The output torque of the studied models above is presented in the following figure. The output torque for each model and its optimized structure is practically the same. The only difference between Model I and Optimized Model I is the adoption of a lightweight structure as are Model II and Optimized Model II. We can conclude that the lightweight structure design doesn’t influence the output torque.
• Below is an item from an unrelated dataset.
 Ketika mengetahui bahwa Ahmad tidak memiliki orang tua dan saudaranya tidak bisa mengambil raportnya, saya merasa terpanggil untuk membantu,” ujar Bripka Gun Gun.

Fig. 8. Average Output Torque for Studied Models

The calculation of the machine's mass, as shown in Table 3, proves that PMSM Model I can reduce more mass compared to Model II. For the optimized models, the Optimized PMSM Model II provides less mass than the machine corresponding to Optimized Model I.
 

Mass (g) Initial Model I Initial Model II Optimized Model I Optimized Model II
Stator 1000.4 928.2 731.5 759.6
Rotor 319.6 319.6 272.3 201.8
Magnet 232.6 232.6 244.1 236.9
Total mass 2223.7 1980.7 1919 1698.6

Table 3. Estimated Mass for PMSMs Models Before and After Optimization

Results Comparison: EMWorks2D-Reference Article [4]:

Simulation results using EMWorks2D are presented in tables below comparing to results based on the reference article. The first table represents the average output torque as a function of the pole arc coefficient and iron core back yoke thickness. The second table regroups the output average torque of the studied models before and after optimization. The results are close and the error percentage is low.
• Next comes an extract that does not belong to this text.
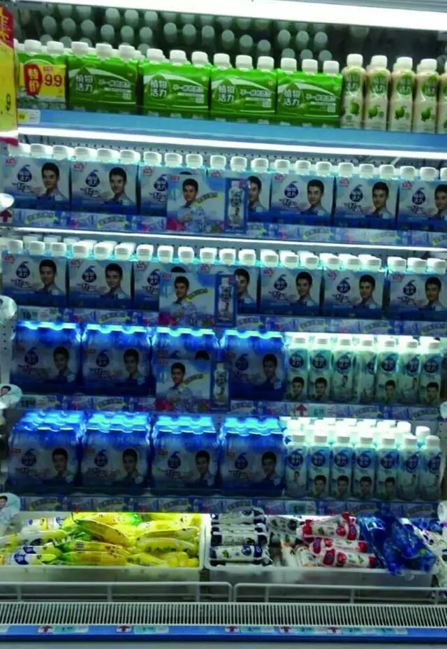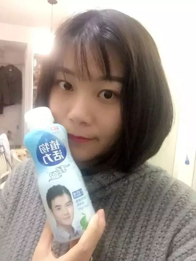 “今天终于有时间去超市啦,第一次做粉丝,第一次买有明星的产品,还是略羞涩的,看下四下无人,把照片转正过来拍照,拿了一瓶后,把后面的摆到前面来,打卡成功

Varied Parameter Average Torque Model I (N.m) Average Torque Model II (N.m)
Pole Arc Coefficient EMWorks2D Reference Article EMWorks2D Reference Article
0.7 9.39 9.2 10.38 10
0.75 9.82 9.8 10.8 10.4
0.8 10.21 10 11.15 10.8
0.85 10.55 10.3 11.43 11.1
0.9 10.8 10.8 11.65 11.3
0.95 10.92 11 11.8 11.4
1 10.92 11.1 11.81 11.6
Rotor Back Yoke Thickness (mm) EMWorks2D Reference Article EMWorks2D Reference Article
2 7.28 8 9.46 9.8
3 8.52 9.1 10.76 10.8
4 9.5 10 11.54 11.2
5 10.27 10.8 11.64 11.3
6 10.8 11.1 11.64 11.3
7 10.8 11.1 11.64 11.3
8 10.87 11.1 11.65 11.3
Rotor Back Yoke Thickness (mm) EMWorks2D Reference Article EMWorks2D Reference Article
2 6.79 6.2 8.75 8
3 8.66 8.5 10.8 10.2
4 10.26 10.2 11.59 11.2
5 11.02 11 11.64 11.3
6 11.07 11 11.65 11.3
7 11.08 11 11.65 11.3
8 11.08 11 11.65 11.3
 
Results Origin Average Output Torque-Model I (N.m) Average Output Torque-Model II (N.m) Average Output Torque-Optimized Model I (N.m) Average Output Torque-Optimized Model II (N.m)
EMWorks2D 10.8 11.37 10.64 11.21
Reference Article 10.89 11.28 10.91 11.27

Conclusion

In this study, the design and electromagnetic simulations of 2 models of PMSM dedicated to electric aircraft are investigated using the EMWorks2D product. Accurate results provide that PMSM mMdel II can provide higher output torque with lower torque ripple compared to Model I. The only advantage of machine Model I is the lower operating frequency so less iron core loss. On the other hand, the core yoke of both machines is not saturated and needs to be optimized to give an improved high-power density motor. Optimizing pole arc coefficient and core back yoke thickness permit to get a combined optimal solution (Optimized PMSM Model II) that guarantees the obtaining of the desired rated output torque and reduces the total mass compared to Optimized PMSM Model I. Therefore, the lightweight structure design doesn’t influence the output torque.

References

[1]: R. T. Naayagi, "A review of more electric aircraft technology," 2013 International Conference on Energy Efficient Technologies for Sustainability, Nagercoil, India, 2013, pp. 750-753, doi: 10.1109/ICEETS.2013.6533478. 
[2]: B. Sarlioglu and C. T. Morris, "More Electric Aircraft: Review, Challenges, and Opportunities for Commercial Transport Aircraft," in IEEE Transactions on Transportation Electrification, vol. 1, no. 1, pp. 54-64, June 2015, doi: 10.1109/TTE.2015.2426499. 
[3]: P. Wheeler and S. Bozhko, "The More Electric Aircraft: Technology and challenges," in IEEE Electrification Magazine, vol. 2, no. 4, pp. 6-12, Dec. 2014, doi: 10.1109/MELE.2014.2360720.
[4]: Fang, S., Wang, Y., & Liu, H. (2020). Design study of an aerospace motor for more electric aircraft. IET Electric Power Applications, 14(14), 2881-2890.